Creative Process for Change:
1. Form a very clear idea in your mind of the desired outcome as an actual reality. As if you’re experiencing it. Develop it into details as what are you seeing? Hearing? Feeling? Smelling or tasting? And what are you telling yourself about what what you’re experiencing?
2. Create a statement as an affirmation of this reality with a strong emotional content. This will act as an activating mechanism for focusing your mind on the goal.
3. Compare the desired outcome with the current reality, and distinguish the differences, and what in the current situation needs to be transformed to produce the new reality.
4. Create a list of the areas to be transformed, then develop each area as ideas that bring clarity around it necessary to actually produce it.

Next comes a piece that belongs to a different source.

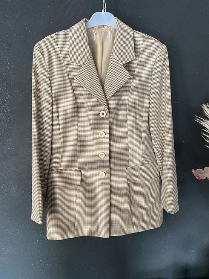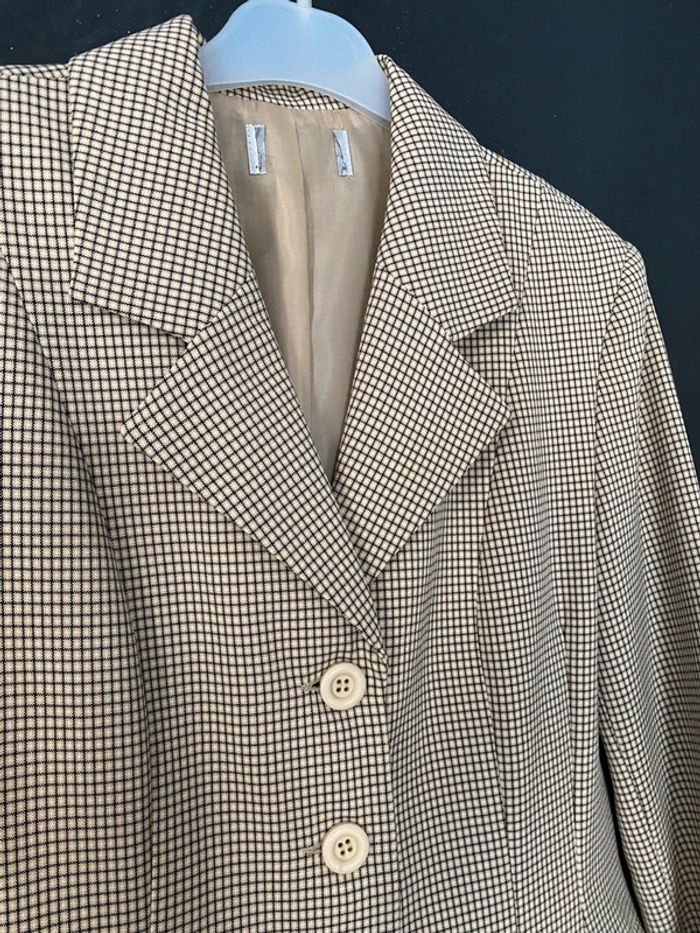 Blazer petits carreaux beige Polyester et viscose Doublé Légèrement épaulé Poches plaquées #blazer #vintage #petitscarreaux #beige #viscose #polyester #chantalmatejavestes38 #chantalmatejachame #chantalmateja2025

5. Break the process down into stages or chunks, then break each stage down into steps needed to successfully accomplish that stage of development
6. Assign reasonable time frames to each stage and to each step within the stage, while simultaneously developing a time frame for the creation of the overall idea.
7. Each step needs to be created in the imagination as the experience of doing it that’s a form of mental rehearsal. Imagine yourself doing it until you get it just the way you want it, then repeat that process as a rehearsal over and over until you can recall it in an automatic fashion.

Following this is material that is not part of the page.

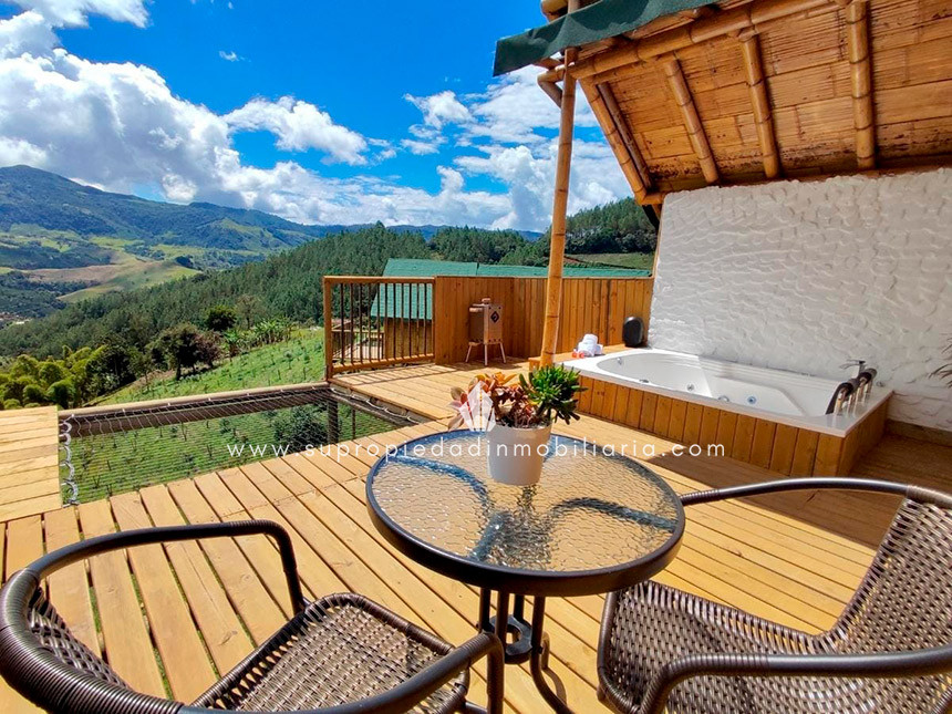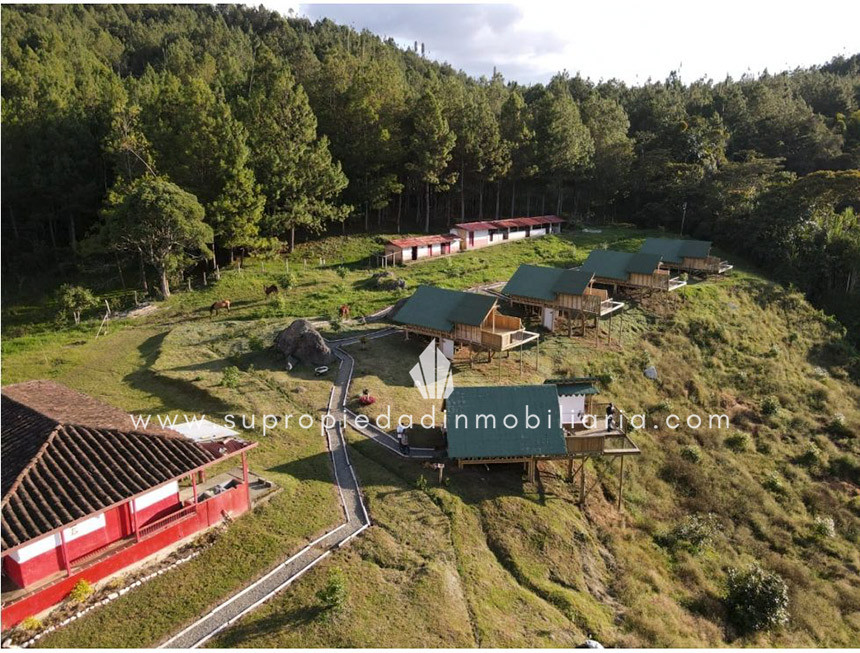 Finca en venta en Jericó, Antioquia. ¡Excepcional oportunidad de inversión en Jericó! Finca de 11.5 hectáreas que combina turismo y producción agrícola a solo 20 minutos del parque principal. Cuenta con 5 cabañas tipo glamping completamente equipadas (jacuzzi, baño privado, cama deluxe, malla catamarán y deck en madera inmunizada), dos casas (principal y de mayordomo), kiosko fonda-restaurante, zona de fogata, caballerizas y 1.000 árboles de aguacate Hass de 3 años. La propiedad tiene 5 fuentes de agua natural que la cruzan, pozo séptico, 800 m² construidos y garaje para 8 vehículos. El eco hotel está registrado y con todos los permisos vigentes. SE VENDE SIN AMOBLAR ¡Ideal para rentabilidad turística y productiva en un paraíso natural! Contáctanos hoy y agenda tu visita. 0.1

8. Then practice through the template of the mental rehearsal in your everyday life, creating the experience as an analogy to your mental rehearsal. If you lose your focus, use your affirmation to redirect your mind
9. Repeat this consistently as a practice in your daily life until the step is accomplished in an automatic and natural way. Only when this step is accomplished to the desired level, should you move into the next step or stage of the process.
All change that comes in a gradual manner goes unnoticed. As humans we can make small adjustments with relative ease, and can make small consistent changes with equal ease. If we try to do too much at once, it can become overwhelming and awkward, or we can create an experience of suffering in doing it. Most creations require a foundation to be laid in order to support what comes out of it in a natural way. When we fail to lay the foundation as the basis for the change, we undermine it and usually fail to be able to produce the change as permanent and lasting.
Change in reality is transformation as a creative process. All creative processes begin with the end in mind. The end is a reality shaped first in the imagination to be used as a kind of blueprint that’s then used to produce the outward reality as its equivalent. When we learn how to use our mind to direct physical processes necessary for transformation, we become powerful creators in our own life. We cultivate the ability to determine and set the course of our destiny, and begin fashioning ourselves by way of our own hand.